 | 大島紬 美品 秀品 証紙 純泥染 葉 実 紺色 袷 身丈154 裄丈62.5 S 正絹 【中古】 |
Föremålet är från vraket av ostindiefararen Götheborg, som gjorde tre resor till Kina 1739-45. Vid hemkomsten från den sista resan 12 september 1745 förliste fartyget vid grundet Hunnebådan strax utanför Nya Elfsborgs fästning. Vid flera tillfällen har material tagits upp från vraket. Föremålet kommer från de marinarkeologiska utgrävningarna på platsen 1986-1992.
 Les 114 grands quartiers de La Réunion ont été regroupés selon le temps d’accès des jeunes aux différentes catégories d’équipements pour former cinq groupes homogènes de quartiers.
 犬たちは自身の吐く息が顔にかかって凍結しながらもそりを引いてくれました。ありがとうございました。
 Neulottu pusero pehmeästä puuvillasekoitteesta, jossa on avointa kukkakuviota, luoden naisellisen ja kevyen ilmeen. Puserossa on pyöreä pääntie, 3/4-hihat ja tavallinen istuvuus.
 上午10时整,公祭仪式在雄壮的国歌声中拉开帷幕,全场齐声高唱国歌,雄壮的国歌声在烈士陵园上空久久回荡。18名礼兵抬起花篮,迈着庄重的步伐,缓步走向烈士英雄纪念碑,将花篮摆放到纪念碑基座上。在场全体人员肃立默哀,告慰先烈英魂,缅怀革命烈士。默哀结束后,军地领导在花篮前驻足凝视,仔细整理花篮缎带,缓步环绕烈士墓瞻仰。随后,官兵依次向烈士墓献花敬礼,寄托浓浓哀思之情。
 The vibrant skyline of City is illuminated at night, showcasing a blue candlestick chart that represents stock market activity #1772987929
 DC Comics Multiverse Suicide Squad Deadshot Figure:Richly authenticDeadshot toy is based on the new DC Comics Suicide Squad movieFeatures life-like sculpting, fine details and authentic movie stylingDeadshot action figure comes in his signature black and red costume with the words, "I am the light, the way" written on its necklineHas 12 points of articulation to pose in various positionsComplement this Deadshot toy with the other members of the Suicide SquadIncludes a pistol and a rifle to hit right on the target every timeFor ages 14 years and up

---

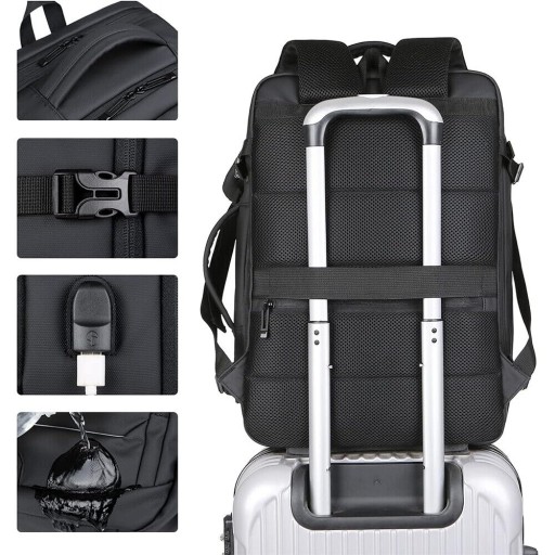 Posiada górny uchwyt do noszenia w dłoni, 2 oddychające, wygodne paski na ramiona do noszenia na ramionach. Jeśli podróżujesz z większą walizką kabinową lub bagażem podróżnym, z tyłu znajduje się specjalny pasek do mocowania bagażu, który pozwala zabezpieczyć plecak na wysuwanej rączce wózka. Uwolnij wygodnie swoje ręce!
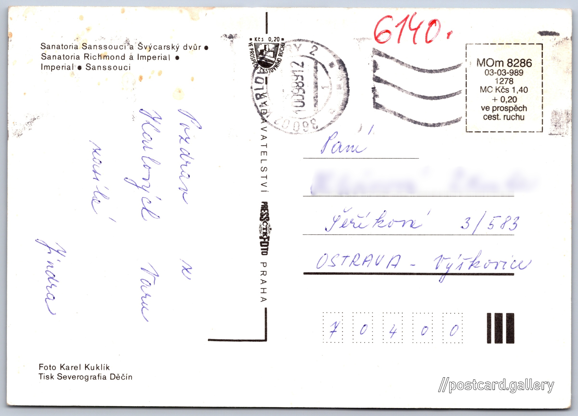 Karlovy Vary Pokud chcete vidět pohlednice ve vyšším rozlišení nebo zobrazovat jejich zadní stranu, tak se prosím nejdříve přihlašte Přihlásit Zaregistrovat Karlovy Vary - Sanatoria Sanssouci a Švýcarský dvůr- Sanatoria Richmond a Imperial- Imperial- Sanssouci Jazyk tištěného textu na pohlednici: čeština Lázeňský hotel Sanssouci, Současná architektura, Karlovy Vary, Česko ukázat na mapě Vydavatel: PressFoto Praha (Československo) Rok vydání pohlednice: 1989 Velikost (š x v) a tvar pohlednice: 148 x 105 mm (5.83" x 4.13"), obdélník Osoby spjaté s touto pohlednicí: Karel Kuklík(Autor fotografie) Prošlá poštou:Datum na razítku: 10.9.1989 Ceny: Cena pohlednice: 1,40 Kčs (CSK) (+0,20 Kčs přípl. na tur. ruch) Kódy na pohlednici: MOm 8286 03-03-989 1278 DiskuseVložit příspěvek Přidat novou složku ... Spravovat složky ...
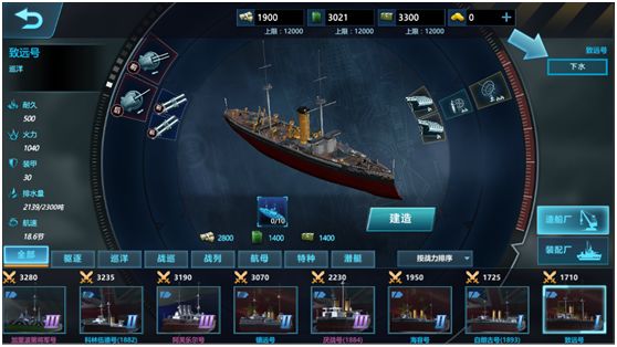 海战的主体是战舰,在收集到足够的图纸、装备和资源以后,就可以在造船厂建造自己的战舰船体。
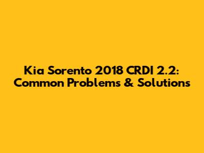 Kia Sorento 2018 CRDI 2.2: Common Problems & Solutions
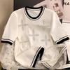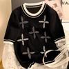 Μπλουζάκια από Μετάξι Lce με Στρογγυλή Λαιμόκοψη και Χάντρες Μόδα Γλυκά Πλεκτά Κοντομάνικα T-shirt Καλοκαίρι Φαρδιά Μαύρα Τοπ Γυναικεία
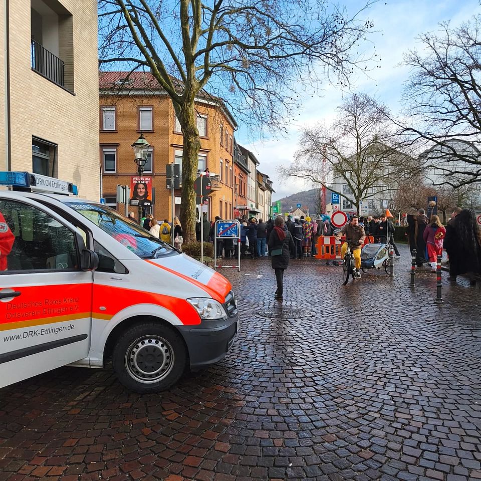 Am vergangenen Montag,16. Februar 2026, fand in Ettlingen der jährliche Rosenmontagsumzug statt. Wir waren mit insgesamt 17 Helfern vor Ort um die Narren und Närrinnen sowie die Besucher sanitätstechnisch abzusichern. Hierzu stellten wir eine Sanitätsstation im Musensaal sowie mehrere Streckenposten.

▸ **About this task**: Among the entries above, copy exactly the stretch from the line holding "Karlovy Vary Pokud" through the line holding "Μπλουζάκια από Μετάξι", leaving out any pictures.

▸ **Problem solution**:
 Karlovy Vary Pokud chcete vidět pohlednice ve vyšším rozlišení nebo zobrazovat jejich zadní stranu, tak se prosím nejdříve přihlašte Přihlásit Zaregistrovat Karlovy Vary - Sanatoria Sanssouci a Švýcarský dvůr- Sanatoria Richmond a Imperial- Imperial- Sanssouci Jazyk tištěného textu na pohlednici: čeština Lázeňský hotel Sanssouci, Současná architektura, Karlovy Vary, Česko ukázat na mapě Vydavatel: PressFoto Praha (Československo) Rok vydání pohlednice: 1989 Velikost (š x v) a tvar pohlednice: 148 x 105 mm (5.83" x 4.13"), obdélník Osoby spjaté s touto pohlednicí: Karel Kuklík(Autor fotografie) Prošlá poštou:Datum na razítku: 10.9.1989 Ceny: Cena pohlednice: 1,40 Kčs (CSK) (+0,20 Kčs přípl. na tur. ruch) Kódy na pohlednici: MOm 8286 03-03-989 1278 DiskuseVložit příspěvek Přidat novou složku ... Spravovat složky ...
 海战的主体是战舰,在收集到足够的图纸、装备和资源以后,就可以在造船厂建造自己的战舰船体。
 Kia Sorento 2018 CRDI 2.2: Common Problems & Solutions
 Μπλουζάκια από Μετάξι Lce με Στρογγυλή Λαιμόκοψη και Χάντρες Μόδα Γλυκά Πλεκτά Κοντομάνικα T-shirt Καλοκαίρι Φαρδιά Μαύρα Τοπ Γυναικεία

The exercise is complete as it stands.